Source data
------------------------------------------------------------
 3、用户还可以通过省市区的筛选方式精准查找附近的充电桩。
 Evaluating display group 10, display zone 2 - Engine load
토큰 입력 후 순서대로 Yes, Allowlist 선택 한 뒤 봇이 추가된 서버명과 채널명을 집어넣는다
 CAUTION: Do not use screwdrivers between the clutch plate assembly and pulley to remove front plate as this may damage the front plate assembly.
------------------------------------------------------------
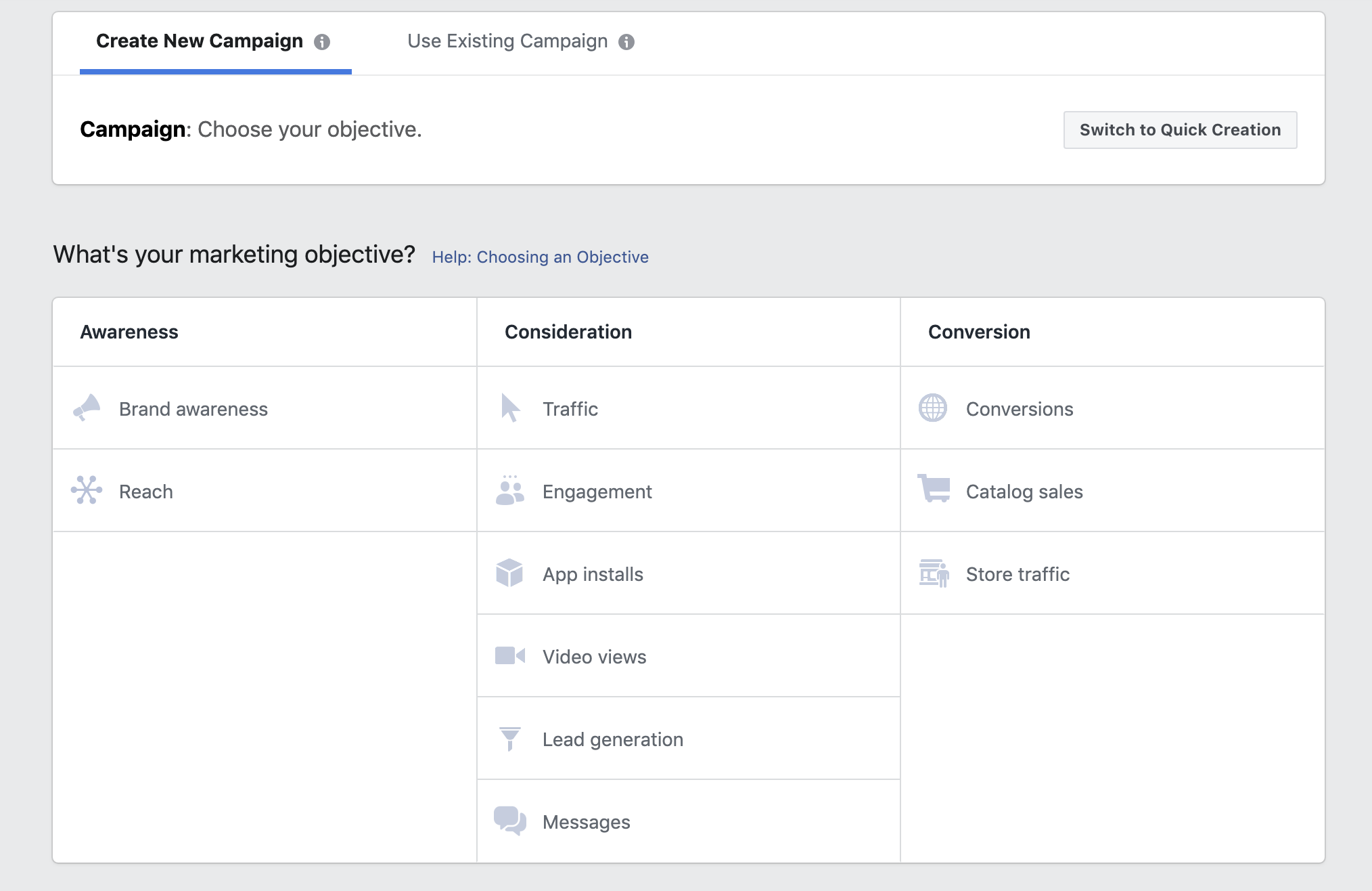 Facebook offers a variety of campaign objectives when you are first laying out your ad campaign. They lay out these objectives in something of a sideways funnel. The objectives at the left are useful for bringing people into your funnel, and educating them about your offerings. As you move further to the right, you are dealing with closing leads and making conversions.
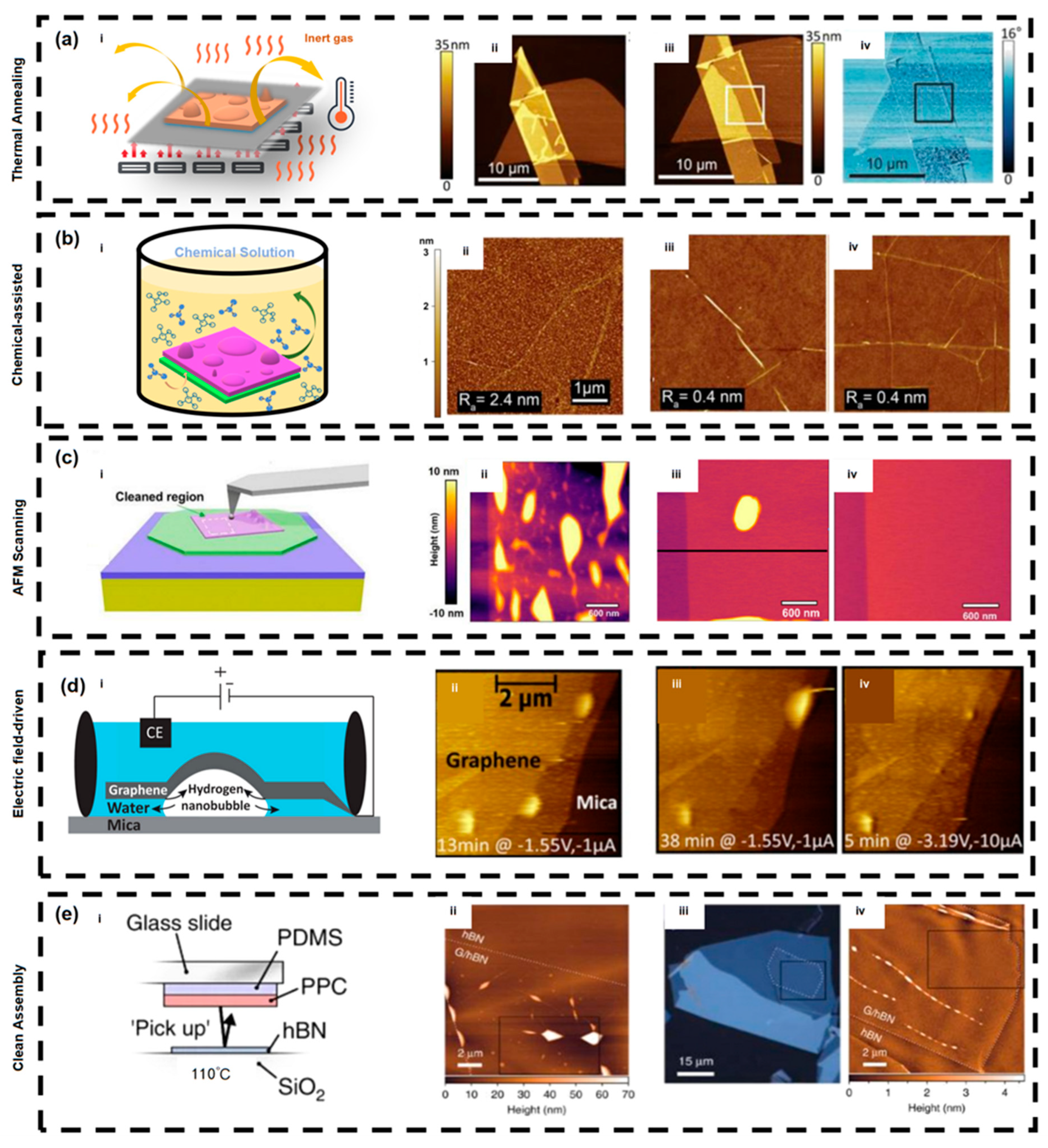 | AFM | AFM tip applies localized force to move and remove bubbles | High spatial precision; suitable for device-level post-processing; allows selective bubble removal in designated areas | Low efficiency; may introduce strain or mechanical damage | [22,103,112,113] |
------------------------------------------------------------
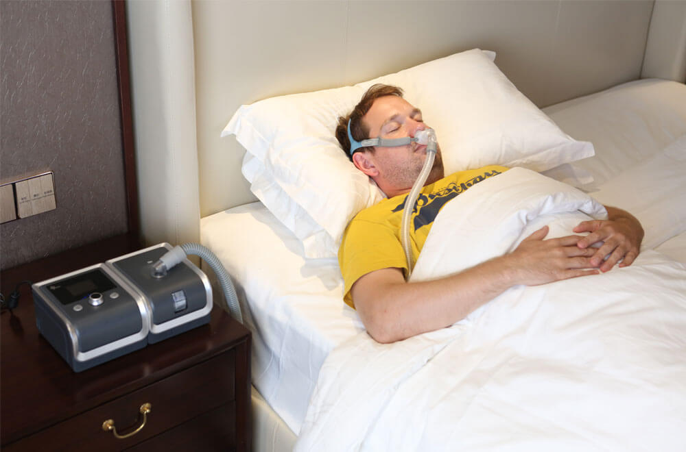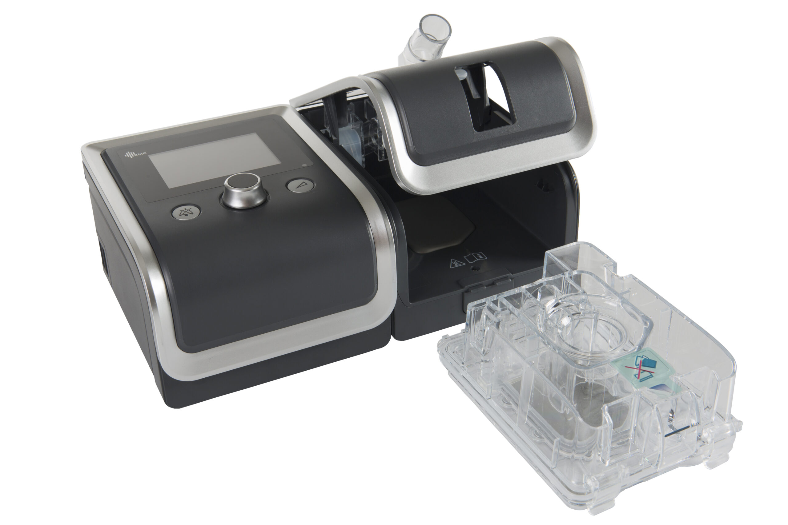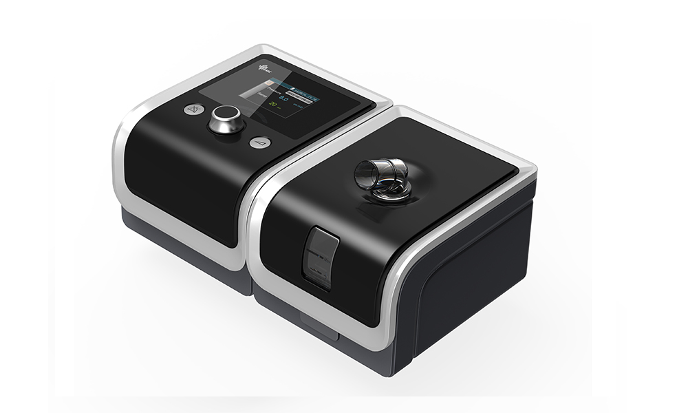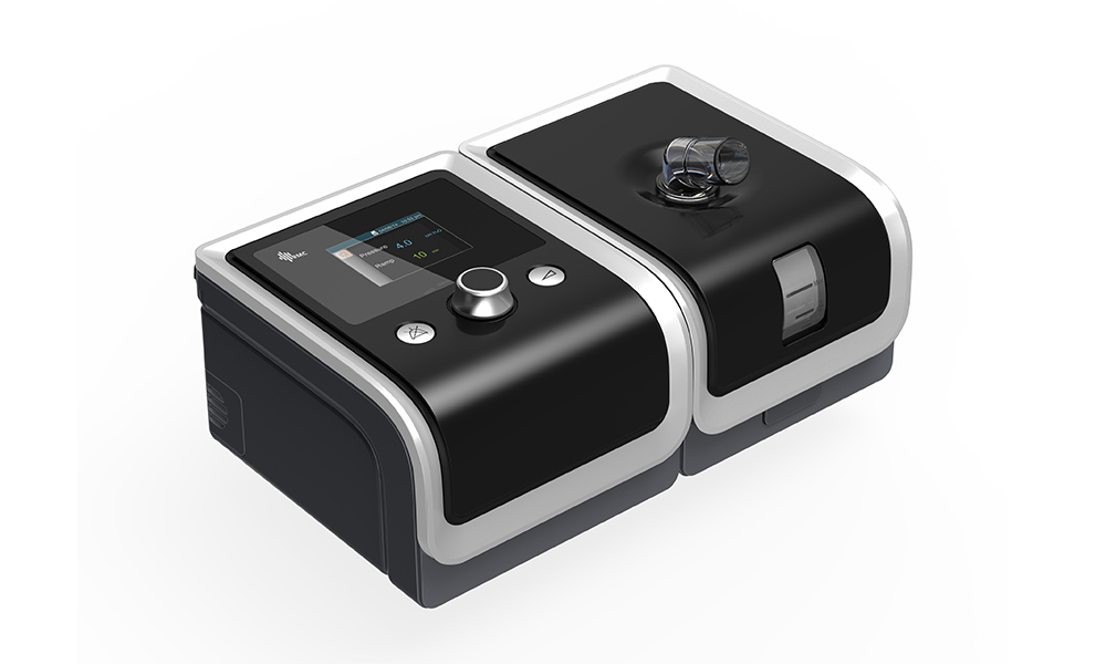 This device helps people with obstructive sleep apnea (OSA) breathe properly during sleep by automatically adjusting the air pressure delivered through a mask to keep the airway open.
------------------------------------------------------------
Instructions for the task
Only the lines above from the line with "토큰 입력 후 순서대로" to the line with "CAUTION: Do not", those two lines included, should be reproduced exactly.

Your response
토큰 입력 후 순서대로 Yes, Allowlist 선택 한 뒤 봇이 추가된 서버명과 채널명을 집어넣는다
 CAUTION: Do not use screwdrivers between the clutch plate assembly and pulley to remove front plate as this may damage the front plate assembly.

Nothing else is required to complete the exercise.